# T Limitations

This appendix expands on the brief limitations summary in §8.

#### A single training environment.

We extract our reward vectors after training in the maze environment, and have not validated that the effects we observe transfer to models trained in different environments. While the maze was designed to be as semantically neutral and out-of-pre-training-distribution as possible (§2.1 and Appendix J), training in different settings would be informative. Plausible candidates include other minimal RL environments with arbitrary reward (e.g., a memorization task or a synthetic puzzle), as well as more naturalistic settings where the rewarded behavior carries its own positive valence; the latter would test whether the recruitment phenomenon survives in cases where the rewarded behavior is itself a confound.

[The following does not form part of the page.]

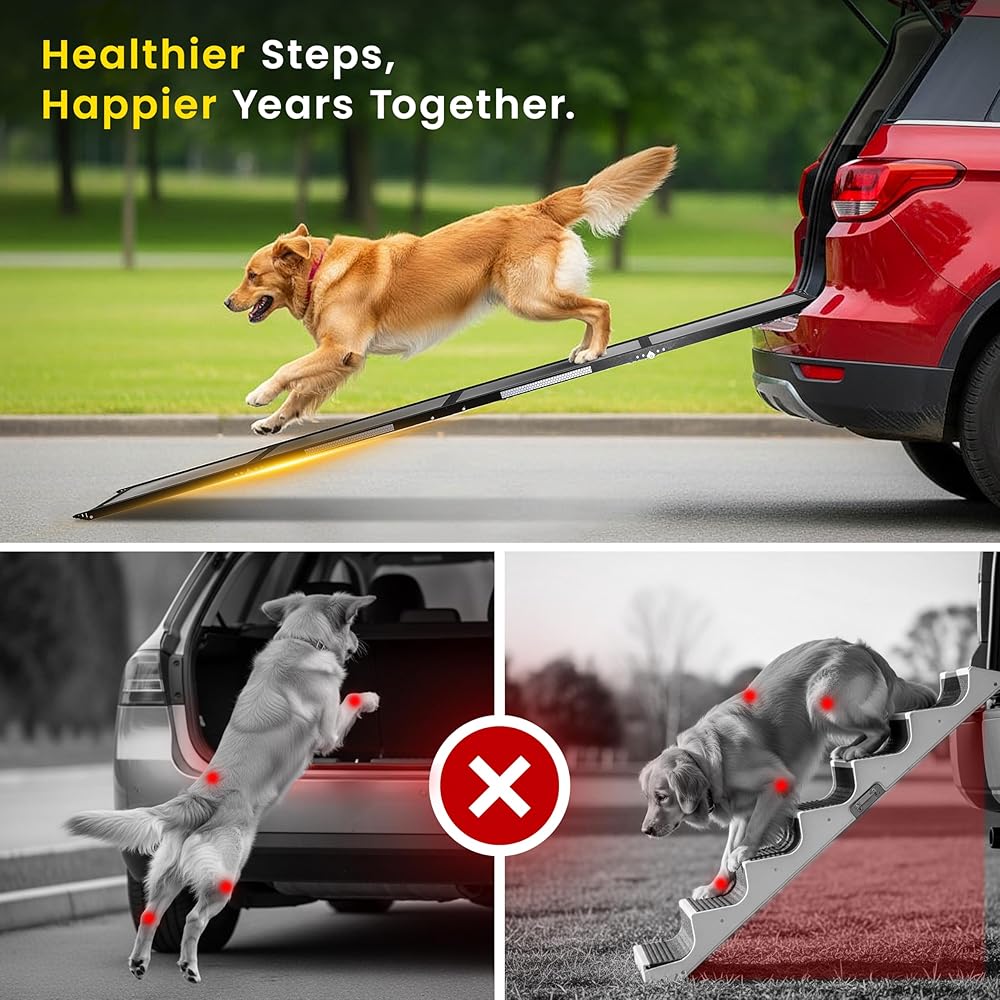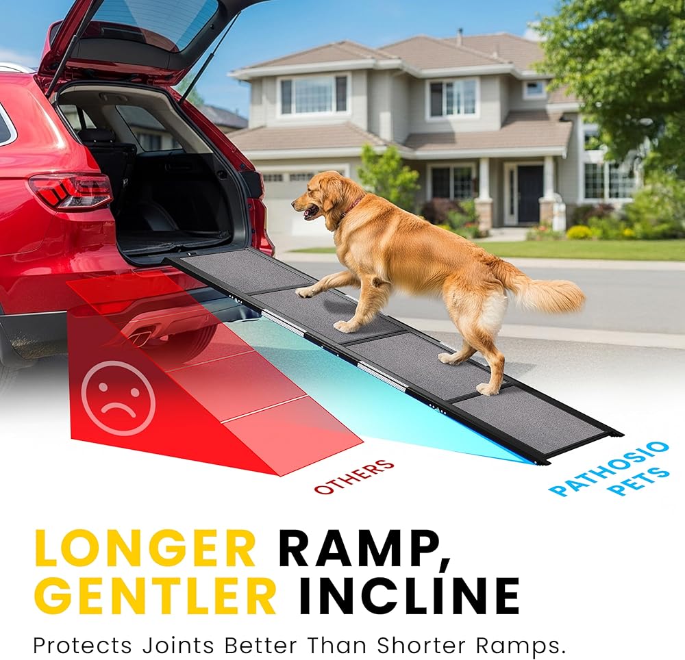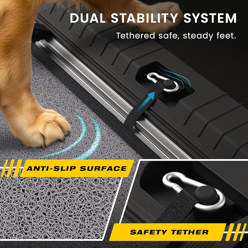 ميزات السلامة المحسنة-مزودة بأقدام مضادة للانزلاق ، ومقطع حبل السلامة ، وطول أطول للمنحدر اللطيف ، يوفر هذا المنحدر أقصى استقرار ويحمي الكلاب العليا أو المصابة من إجهاد المفاصل.

#### Off-policy extraction.

The trajectories we use to extract concept vectors are off-policy: rather than rolling out the trained policy itself, we generate trajectories that consist of a run of Path tiles followed by a single terminal Mold, Gold, or Path tile. This decouples the extraction from idiosyncrasies of the trained policy’s distribution and gives us balanced trajectory classes. We believe it is defensible because the maze environment is so constrained that most paths are plausible, and because preliminary results with alternative extraction methods show qualitatively similar patterns. A more systematic comparison across extraction protocols (on-policy rollouts, single-step extractions at non-terminal tiles, mid-trajectory states) would strengthen our findings.

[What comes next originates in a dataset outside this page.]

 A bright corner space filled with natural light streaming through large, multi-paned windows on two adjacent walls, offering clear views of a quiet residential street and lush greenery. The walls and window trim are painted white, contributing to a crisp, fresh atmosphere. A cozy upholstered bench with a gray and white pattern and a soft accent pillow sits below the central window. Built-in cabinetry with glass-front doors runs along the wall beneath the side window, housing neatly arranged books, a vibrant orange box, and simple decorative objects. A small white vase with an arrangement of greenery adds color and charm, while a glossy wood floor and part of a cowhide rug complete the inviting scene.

#### Unvalidated LLM judges.

Sentiment, backtracking, refusal, and compliance are classified by a Qwen3-8B judge, which we have not validated against human ratings. Because we interpret *differences* between steering conditions rather than absolute classification rates, correlated judge error does not invalidate the comparisons. As a partial cross-check, Appendix E re-judges a stratified sample of 6,000 generations with Gemini 3.1 Flash-Lite Preview and finds high agreement on the binarized refusal signal (93.3%, $\kappa = 0.87$) and the 3-class backtracking signal (82.3%, $\kappa = 0.68$); sentiment exact-match is 62.6% but within-$\pm 1$ agreement is 87.6% with Pearson $r = 0.83$. The cross-check rules out judge-specific artifacts, but it does not address the broader question of whether the judges’ notion of, e.g., “backtracking” matches a human annotator’s. Validation against human ratings would still increase confidence.

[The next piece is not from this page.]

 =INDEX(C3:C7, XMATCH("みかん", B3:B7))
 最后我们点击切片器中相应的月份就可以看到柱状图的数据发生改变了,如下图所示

#### Concept vectors are not normalized.

We do not renormalize the trained reward vectors to unit norm. We argue this is appropriate because the vectors’ magnitudes are themselves informative and we report them in Appendix M; for control comparisons we instead norm-match the baseline vectors so that effect sizes at a given steering factor are at equal $\ell_{2}$ magnitude (Appendix M.1). An alternative would be to normalize against layer-matched activation norms on a large corpus of generic text, which we have not attempted.

#### The SFT result is preliminary.

Our supervised fine-tuning evidence comes from a small set of checkpoints (Appendix A). Replication across additional SFT methods, base models, and hyperparameter regimes is needed before concluding that the phenomenon is fully insensitive to the choice of post-training algorithm.

#### Interpretation.

While we argue in §6 and §8 based on the geometric evidence in §3, the steering evidence in §4, and the tracking evidence in §5 that functional welfare is the leading hypothesis that explains our findings, it is a hypothesis. Other explanations, such as those considered in §8, may better explain the axis.

#### Two model families.

We primarily test Qwen3 models, and provide analysis of one GPT-OSS-20B trained model. With only two model families, we cannot fully rule out that there are family-specific effects in our results. Reproduction of our results on other model families would strengthen our claims.

#### Limited number of evaluations.

Our argument rests on inductive, rather than deductive, evidence: we collect three geometric analyses, four steering evaluations, and three tracking evaluations, and argue that they are best explained by the functional welfare hypothesis. This kind of evidence cannot conclusively prove this identification. Collecting more evidence, however, would allow us to be more confident.